WHAT THIS TASK INVOLVES -> Write out, with no changes, every line starting at the one that contains "为了让学生树立科学防范气象灾" and ending at the last line of the data below. Leave pictures out.

STORED DATA ->

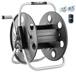 transportable Schlauchtrommel vollständig aus Metall gefertigt und mit Epoxidharzbeschichtung als Schutz vor Witterung und Alterung zur Bodenaufstellung oder zur Wandaufhängung Montage ohne Werkzeug Schlauchkapazität: 85 m 1/2″ oder 40 m 3/4″ inklusive 2 x Wandbügel und 1 x Schlauchstück mit Schnellkupplung 1/2″
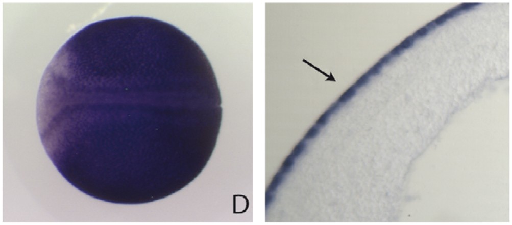 Larger Image upk3a (uroplakin 3A) gene expression in a Xenopus laevis embryo, NF stage 14, as assayed by in situ hybridization. Left panel, dorsal view, anterior left; right panel transverse section, dorsal up This image is extracted from figure published in: Chalmers AD et al. (2006), Image published in: Chalmers AD et al. (2006) Copyright © 2006. Image reproduced with permission of the Publisher, Elsevier B. V.
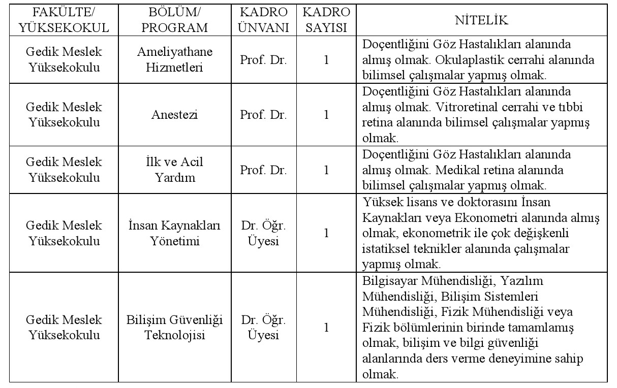 İlanlar ile ilgili tüm bilgiler ve başvuru koşulları Üniversitemizin http://www.gedik.edu.tr adresinde yer almaktadır.
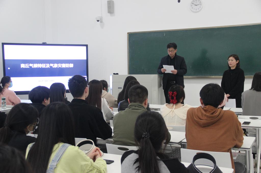 为了让学生树立科学防范气象灾害的意识,提高自我保护能力。3月31日,beat365中文官方网站于梁园校区开展“气象灾害防御”学术报告。此次报告邀请了商丘市气象局气象台台长张艳玲主讲,beat365中文官方网站副院长范况生以及21级地理科学专业全体学生参加了此次报告会。
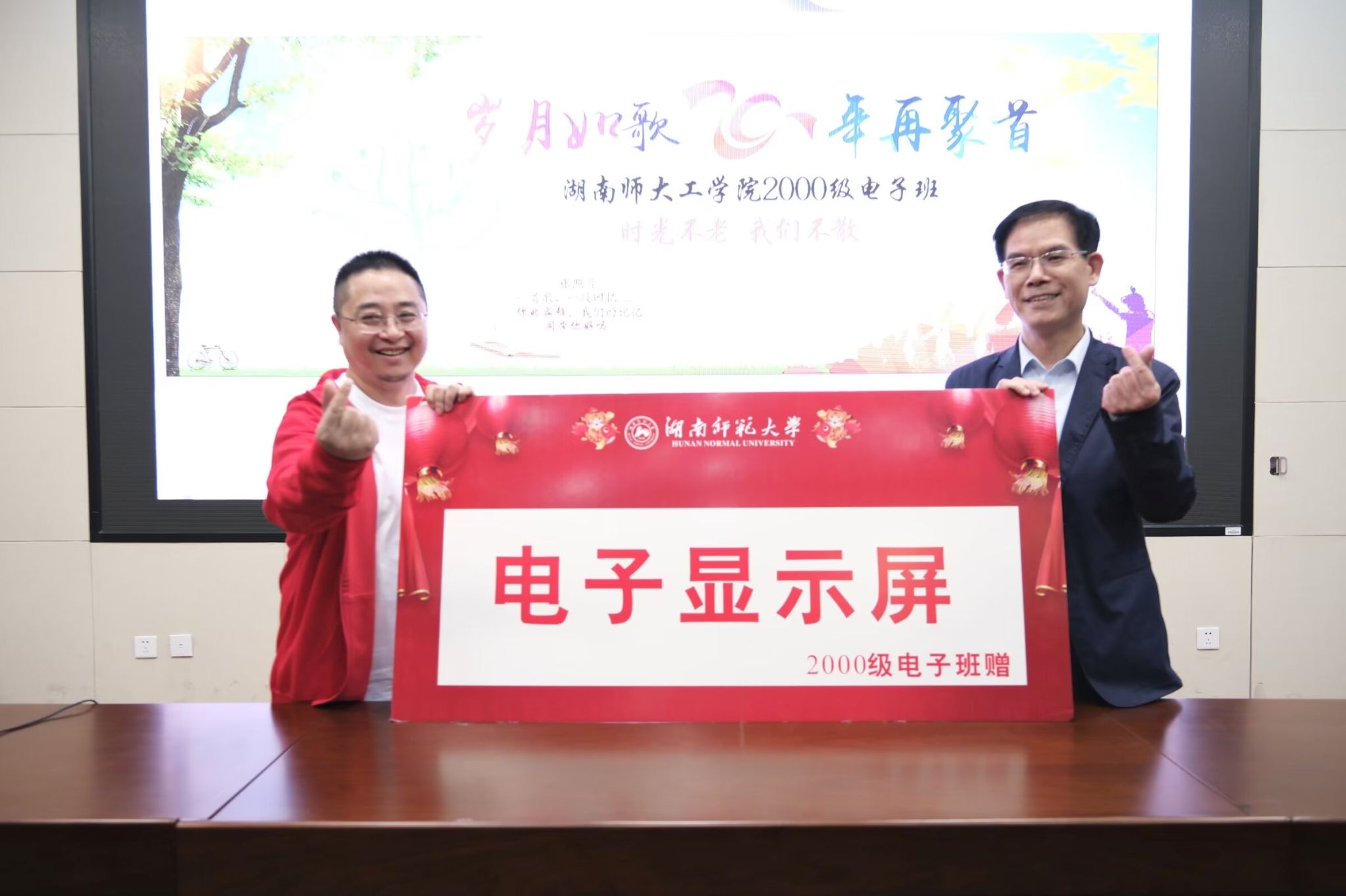 座谈会上,还举行了捐赠仪式,2000级电子班陈运贵代表全班校友向学院捐赠电子显示屏,梁勇接受捐赠。

TASK OUTPUT ->
 为了让学生树立科学防范气象灾害的意识,提高自我保护能力。3月31日,beat365中文官方网站于梁园校区开展“气象灾害防御”学术报告。此次报告邀请了商丘市气象局气象台台长张艳玲主讲,beat365中文官方网站副院长范况生以及21级地理科学专业全体学生参加了此次报告会。
 座谈会上,还举行了捐赠仪式,2000级电子班陈运贵代表全班校友向学院捐赠电子显示屏,梁勇接受捐赠。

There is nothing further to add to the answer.